[Work required] Your task is to print, exactly and only, the lines from the start of the entries below through the line with "ジャービス商事 DRIFTWOOD BENCH". Include both ends, but skip the pictures.

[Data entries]
★ ★ ★ ★ ★
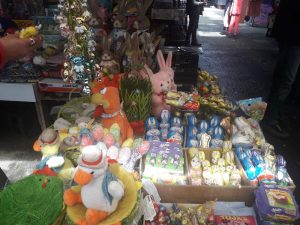 jaja i farbe za njihovo ukrašavanje, sveže i suvo voće i povrće, cveće i uskršnje dekoracije.
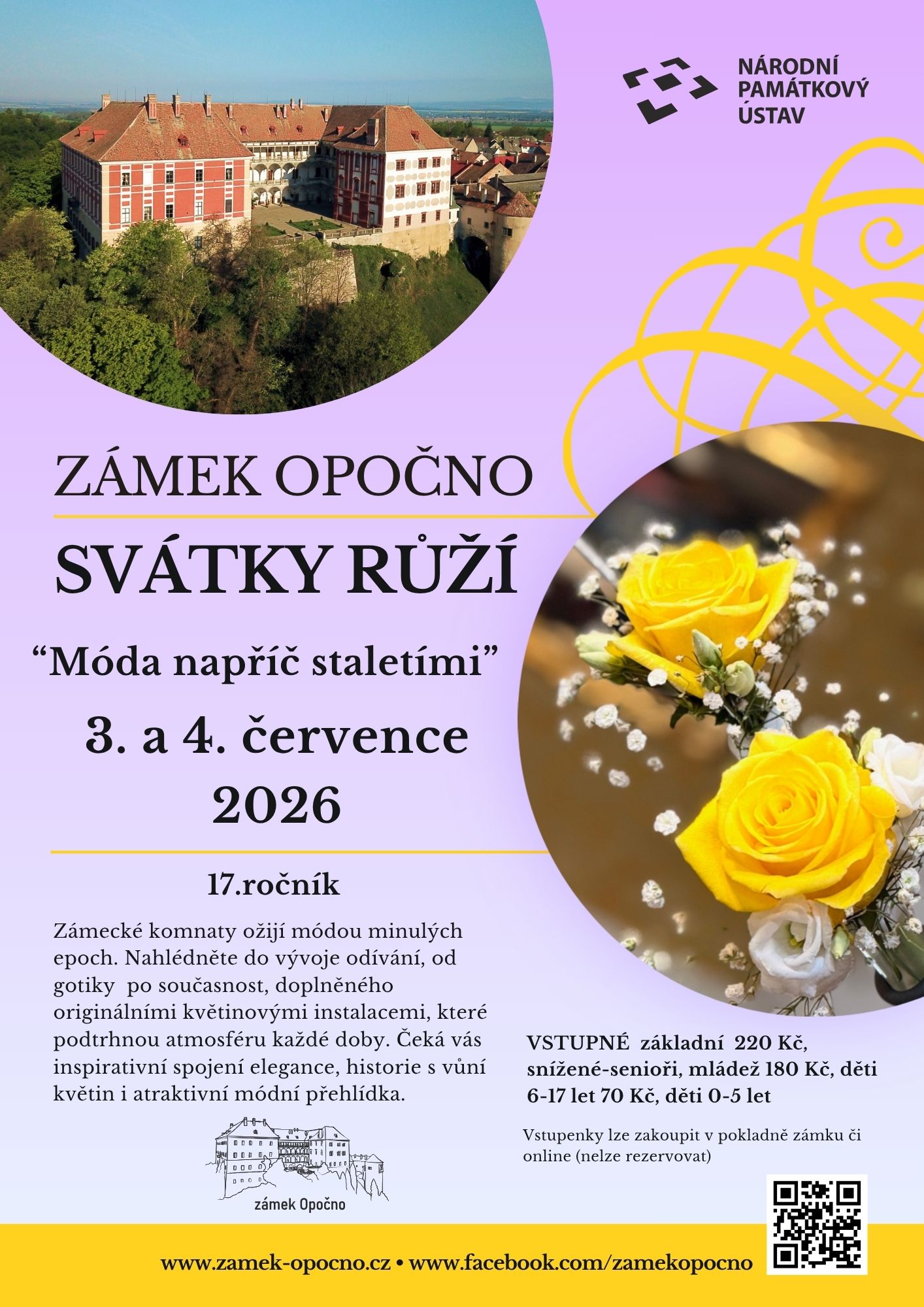 !!! 5. a 6. července 2025 (ne a po) – běžné prohlídky s průvodcem s květinovou výzdobou (v tyto dny je stup do zámku časově vázán)
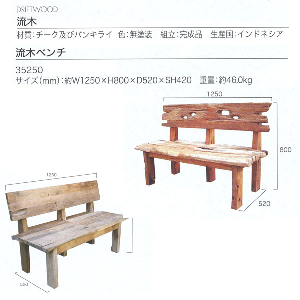ジャービス商事 DRIFTWOOD BENCH 流木ベンチ チーク/バンキライ 無塗装 35250 1台
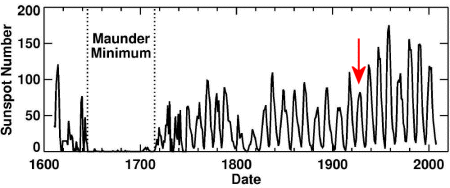Right now -- June 2009 -- the solar cycle is in a valley, the deepest of the past century. In 2008 and 2009, the Sun showed some of the lowest sunspot counts on record, as well as weak solar winds and a low solar irradiance, going more than two years without a significant solar flare. "In our professional careers, we've never seen anything quite like it," Pesnell said. "Solar minimum has lasted far beyond the date we predicted in 2007."
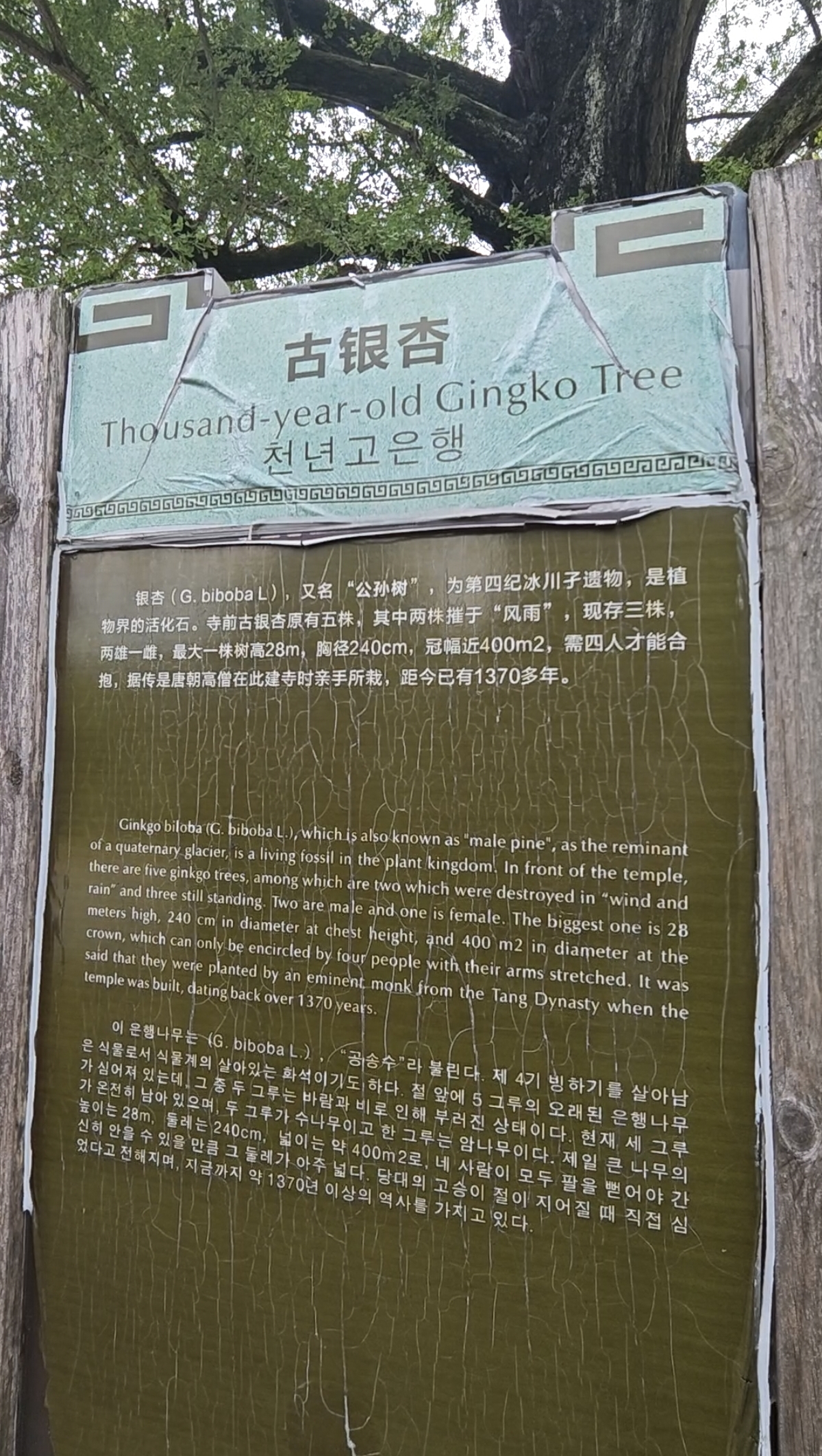 下个景点就是河南的法眼寺了,下午1点多到达。刚到寺前最吸引眼球的莫过寺前的一棵古银杏树,树牌介绍树龄1370多年,原有5棵大现存3棵。人生起起伏伏不过百十年,而古树一晃就是千年,一定要形容不应说是经历多少春秋,而是经历过多少朝代。任朝代的起伏兴衰,风风雨雨,只是默默静静矗立于此,看繁华落尽,大地重生。
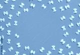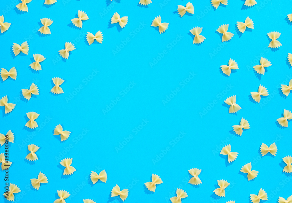 Frame from wheat pasta on blue background
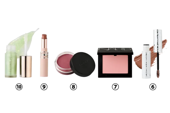 【6】ムースブロウマスカラ 15 2,420円/ジルスチュアート ビューティ【7】ブラッシュ N 903 5,390円/NARS JAPAN【8】グラムトーンカラーカスタード 07 3,300円/THREE【9】YSL ラブヌード リップスティック 01 6,050円/イヴ・サンローラン・ボーテ(4/3発売)【10】ルナソル デューイリフレクトリップオイル EX01 3,850円/カネボウ化粧品(4/24限定発売)
★ ★ ★ ★ ★
[Solution to the exercise]
 jaja i farbe za njihovo ukrašavanje, sveže i suvo voće i povrće, cveće i uskršnje dekoracije.
 !!! 5. a 6. července 2025 (ne a po) – běžné prohlídky s průvodcem s květinovou výzdobou (v tyto dny je stup do zámku časově vázán)
ジャービス商事 DRIFTWOOD BENCH 流木ベンチ チーク/バンキライ 無塗装 35250 1台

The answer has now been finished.